[Data extracted from a collection]
______________________________

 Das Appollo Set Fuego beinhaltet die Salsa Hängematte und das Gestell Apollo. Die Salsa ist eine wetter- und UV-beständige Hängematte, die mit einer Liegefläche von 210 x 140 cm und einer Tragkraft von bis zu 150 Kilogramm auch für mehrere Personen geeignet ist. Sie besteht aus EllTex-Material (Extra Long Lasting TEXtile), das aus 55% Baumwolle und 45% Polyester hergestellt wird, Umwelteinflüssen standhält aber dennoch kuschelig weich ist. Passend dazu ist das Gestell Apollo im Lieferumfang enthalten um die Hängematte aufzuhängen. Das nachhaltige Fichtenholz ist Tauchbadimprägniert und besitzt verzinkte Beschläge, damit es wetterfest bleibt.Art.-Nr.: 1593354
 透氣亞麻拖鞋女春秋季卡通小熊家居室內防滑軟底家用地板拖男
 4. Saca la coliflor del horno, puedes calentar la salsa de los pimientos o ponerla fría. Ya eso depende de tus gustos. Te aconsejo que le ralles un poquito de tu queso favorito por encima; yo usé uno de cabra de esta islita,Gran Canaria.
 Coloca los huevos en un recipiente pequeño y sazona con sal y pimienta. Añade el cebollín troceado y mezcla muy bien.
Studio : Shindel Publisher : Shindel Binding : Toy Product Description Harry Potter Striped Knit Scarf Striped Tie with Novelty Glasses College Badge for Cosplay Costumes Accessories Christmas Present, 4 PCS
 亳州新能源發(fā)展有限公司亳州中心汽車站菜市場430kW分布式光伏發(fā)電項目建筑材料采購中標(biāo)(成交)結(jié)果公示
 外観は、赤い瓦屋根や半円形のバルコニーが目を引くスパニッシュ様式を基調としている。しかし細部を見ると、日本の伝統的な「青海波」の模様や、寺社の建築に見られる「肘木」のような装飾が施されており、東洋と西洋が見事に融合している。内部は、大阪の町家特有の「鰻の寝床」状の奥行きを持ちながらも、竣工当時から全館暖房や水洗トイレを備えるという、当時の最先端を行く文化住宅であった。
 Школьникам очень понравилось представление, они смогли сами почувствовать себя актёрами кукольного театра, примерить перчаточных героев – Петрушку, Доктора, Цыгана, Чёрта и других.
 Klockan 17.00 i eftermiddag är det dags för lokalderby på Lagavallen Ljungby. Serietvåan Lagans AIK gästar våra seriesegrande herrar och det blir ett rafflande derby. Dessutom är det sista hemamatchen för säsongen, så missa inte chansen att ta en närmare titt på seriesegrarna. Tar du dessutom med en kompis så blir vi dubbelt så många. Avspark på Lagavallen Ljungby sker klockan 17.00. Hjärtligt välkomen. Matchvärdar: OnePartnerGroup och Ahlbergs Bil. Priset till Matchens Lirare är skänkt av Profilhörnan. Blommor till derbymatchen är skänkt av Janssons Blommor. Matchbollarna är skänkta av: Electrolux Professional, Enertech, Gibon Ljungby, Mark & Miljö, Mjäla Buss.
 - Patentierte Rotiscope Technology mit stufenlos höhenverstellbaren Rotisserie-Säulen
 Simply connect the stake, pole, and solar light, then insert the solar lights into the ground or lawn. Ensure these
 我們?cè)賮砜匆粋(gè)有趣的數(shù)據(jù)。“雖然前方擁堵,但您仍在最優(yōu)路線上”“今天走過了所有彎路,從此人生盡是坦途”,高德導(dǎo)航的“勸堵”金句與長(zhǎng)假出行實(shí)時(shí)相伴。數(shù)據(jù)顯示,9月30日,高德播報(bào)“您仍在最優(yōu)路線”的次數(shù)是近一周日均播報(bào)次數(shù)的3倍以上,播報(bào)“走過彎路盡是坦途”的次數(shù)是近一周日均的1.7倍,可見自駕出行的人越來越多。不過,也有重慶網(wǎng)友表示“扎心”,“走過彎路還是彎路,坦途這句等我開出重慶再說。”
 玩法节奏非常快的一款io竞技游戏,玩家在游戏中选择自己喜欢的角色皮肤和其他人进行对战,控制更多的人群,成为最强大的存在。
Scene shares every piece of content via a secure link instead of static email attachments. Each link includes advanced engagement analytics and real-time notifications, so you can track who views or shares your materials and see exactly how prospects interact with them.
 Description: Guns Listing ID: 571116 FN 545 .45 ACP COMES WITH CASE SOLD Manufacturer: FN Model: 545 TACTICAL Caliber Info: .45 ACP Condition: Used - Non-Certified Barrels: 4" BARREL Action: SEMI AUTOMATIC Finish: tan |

______________________________

[Exercise aim]
A word-for-word copy of the lines above from the one with "4. Saca la coliflor" through the one with "- Patentierte Rotiscope", inclusive, is the only output wanted.

[Exercise answer]
 4. Saca la coliflor del horno, puedes calentar la salsa de los pimientos o ponerla fría. Ya eso depende de tus gustos. Te aconsejo que le ralles un poquito de tu queso favorito por encima; yo usé uno de cabra de esta islita,Gran Canaria.
 Coloca los huevos en un recipiente pequeño y sazona con sal y pimienta. Añade el cebollín troceado y mezcla muy bien.
Studio : Shindel Publisher : Shindel Binding : Toy Product Description Harry Potter Striped Knit Scarf Striped Tie with Novelty Glasses College Badge for Cosplay Costumes Accessories Christmas Present, 4 PCS
 亳州新能源發(fā)展有限公司亳州中心汽車站菜市場430kW分布式光伏發(fā)電項目建筑材料采購中標(biāo)(成交)結(jié)果公示
 外観は、赤い瓦屋根や半円形のバルコニーが目を引くスパニッシュ様式を基調としている。しかし細部を見ると、日本の伝統的な「青海波」の模様や、寺社の建築に見られる「肘木」のような装飾が施されており、東洋と西洋が見事に融合している。内部は、大阪の町家特有の「鰻の寝床」状の奥行きを持ちながらも、竣工当時から全館暖房や水洗トイレを備えるという、当時の最先端を行く文化住宅であった。
 Школьникам очень понравилось представление, они смогли сами почувствовать себя актёрами кукольного театра, примерить перчаточных героев – Петрушку, Доктора, Цыгана, Чёрта и других.
 Klockan 17.00 i eftermiddag är det dags för lokalderby på Lagavallen Ljungby. Serietvåan Lagans AIK gästar våra seriesegrande herrar och det blir ett rafflande derby. Dessutom är det sista hemamatchen för säsongen, så missa inte chansen att ta en närmare titt på seriesegrarna. Tar du dessutom med en kompis så blir vi dubbelt så många. Avspark på Lagavallen Ljungby sker klockan 17.00. Hjärtligt välkomen. Matchvärdar: OnePartnerGroup och Ahlbergs Bil. Priset till Matchens Lirare är skänkt av Profilhörnan. Blommor till derbymatchen är skänkt av Janssons Blommor. Matchbollarna är skänkta av: Electrolux Professional, Enertech, Gibon Ljungby, Mark & Miljö, Mjäla Buss.
 - Patentierte Rotiscope Technology mit stufenlos höhenverstellbaren Rotisserie-Säulen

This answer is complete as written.